Современные философские искания отличает освоение и абсолютизация одной составляющей, той, которая в предшествующий период не была освоена, и оставалась чуждой, а зачастую и враждебной для общественного и духовного развития. Так, на смену рациональности, научности предшествующей стадии, которые оказываются «несостоятельными», «ошибочными», приходит иррационализм и антисциентизм. На место признанию познаваемости мира как главного постулата и задачи философии приходит утверждение о непознаваемости, а требование его преобразования в соответствии с рационально разработанными методиками перерождаются в утверждение о необходимости «сопереживания», «сочувствования», «восприятия» или «философствования», но ни в коем случае не «изменения» самой жизни.

Следует отметить, что то состояние, в котором оказалась современная философская мысль – вовсе не исключительное явление. История философии свидетельствует, что такого рода изменения сопровождают все глубокие кризисы в развитии человеческого общества, а значит, воспроизводятся с известного рода регулярностью, повторяемостью, цикличностью. И эти изменения нельзя абсолютизировать, считая, что они-то и составляют уникальную сторону философских исканий. На самом деле, они преходящи, конечны, граничны.

Известно, что онтогенез и филогенез в истории многих явлений сопровождаются известного рода тождественными изменениями. Поэтому можно утверждать, что то, что характеризует историю всей философской мысли, ее филогенез, в определенной степени будет характеризовать и ее русскую разновидность, историю русской философской мысли (онтогенез).
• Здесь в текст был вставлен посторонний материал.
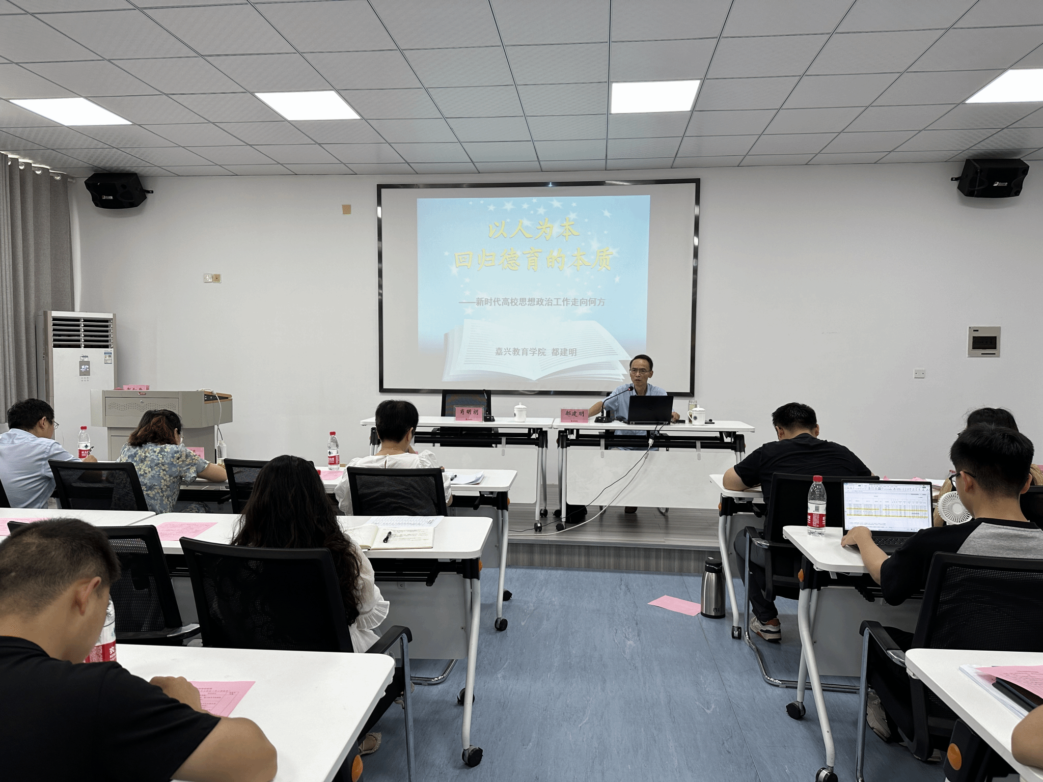 7月8日上午,嘉興教育學院副院長都建明以《以人為本 回歸德育的本質——新時代高校思想政治工作走向何方》為題,從德育的本質和價值兩個維度準確定義新時代德育豐富內涵,精準分析德育評價標準,提出未來德育教育“走向公民、走向生活、走向對話、走向多元”的發展趨向,倡導輔導員樹立現代德育理念,提高人才培養的站位目標,為實現中華民族偉大復興培養有用人才。
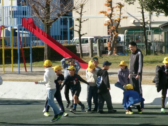 日差しがあって、さほど寒くありません。多くの子が運動場で走り回っています。また、子どもと一緒にバスケットボール、ドッジボール、なわとびなどをしている先生が多くいました。6年生が1年生のなわとびを直している姿もありました。※3枚目写真の「+」をクリックするとそれ以外の笑顔が見られます。
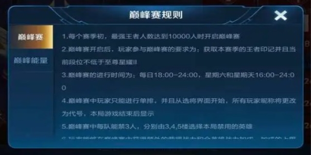 王者巅峰赛什么时间可以打
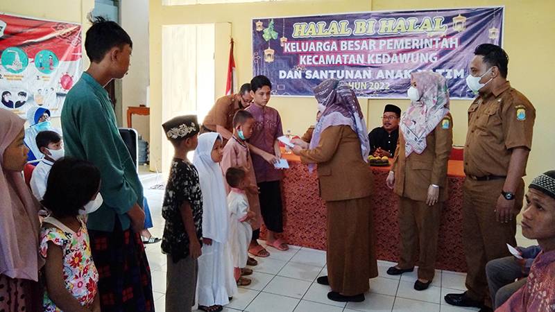 KABUPATEN CIREBON, SC- Pemerintah Kecamatan (Pemcam) Kedawung, Kabupaten Cirebon mengadakan halalbihalal dan memberikan santunan kepada anak yatim, berlangsung di aula kantor kecamatan setempat.
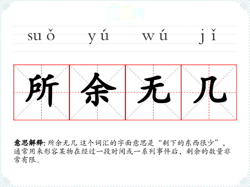 "所余无几"的意思解释、所余无几是什么意思由翻译网汉语词典查词提供。

Применительно к русской философии мы подчас сталкиваемся с ограниченным подходом к определению ее содержания. Это обнаруживается в том, что существующие ее классификации страдают односторонностью, заданностью, субъективизмом, волюнтаризмом. Из ее реальной истории странным образом выбрасываются то одно, то другое течение, школа, направление. Так, в постреволюционные годы превозносился материализм в его самых разнообразных видах и игнорировалась религиозная составляющая философского мышления, более того, религиозная философия элиминировалась, а философские искания сводились к поиску объективистски заданных форм. Сейчас мы имеем прямо противоположную тенденцию – возрождение интереса к формам субъективности. Хочешь не хочешь, а приходится говорить о действии закона «отрицания отрицания», в том числе и в истории русских философских поисков. И мы действительно проследим это на примере классификации философских течений.

Сложившаяся на сегодня система классификации философских направлений, течений страдает несовершенством, односторонностью, упрощением. Например, философия в России делится на «русскую» – до 1917 г., которая иногда включает в себя и эмиграцию, и «советскую» философию ( «марксизм-ленинизм»). В этом случае в одну систему включены предметы, выделенные по разным основаниям. Это все равно, что объединить в одну систему, в одно целое, такие предметы, как огурец, кузнечик и автомобиль на том основании, что все они одного – зеленого цвета.

Для философии единственно верным критерием может быть ее собственный путь развития, то есть историко-генетический подход к изучению ее становления и развития.

Так, если мы рассмотрим философскую мысль по национальному основанию (а этот критерий не потерял своего значения и в современности), например, «немецкую», то сюда мы отнесем философов, проживающих в Германии, либо пишущих на немецком языке или связанных каким-либо иным образом с немецкой культурой. При этом чисто географический подход будет бессмысленен. Не подходит на данном этапе и классовый критерий, потому что философские искания одновременно могут отражать интересы различных классов. Например, для определенного этапа в развитии философии в Германии применяется термин «немецкая классическая буржуазная философия». Он достаточно распространен, по крайней мере, в российской традиции. Для этого типа философии характерно своеобразное мышление и понимание происходящих процессов, а именно – восхождение от абстрактного к конкретному, от простого к сложному, от исходного к ставшему, в котором отражается действительное развитие предмета, освобожденное от его исторически-случайных форм.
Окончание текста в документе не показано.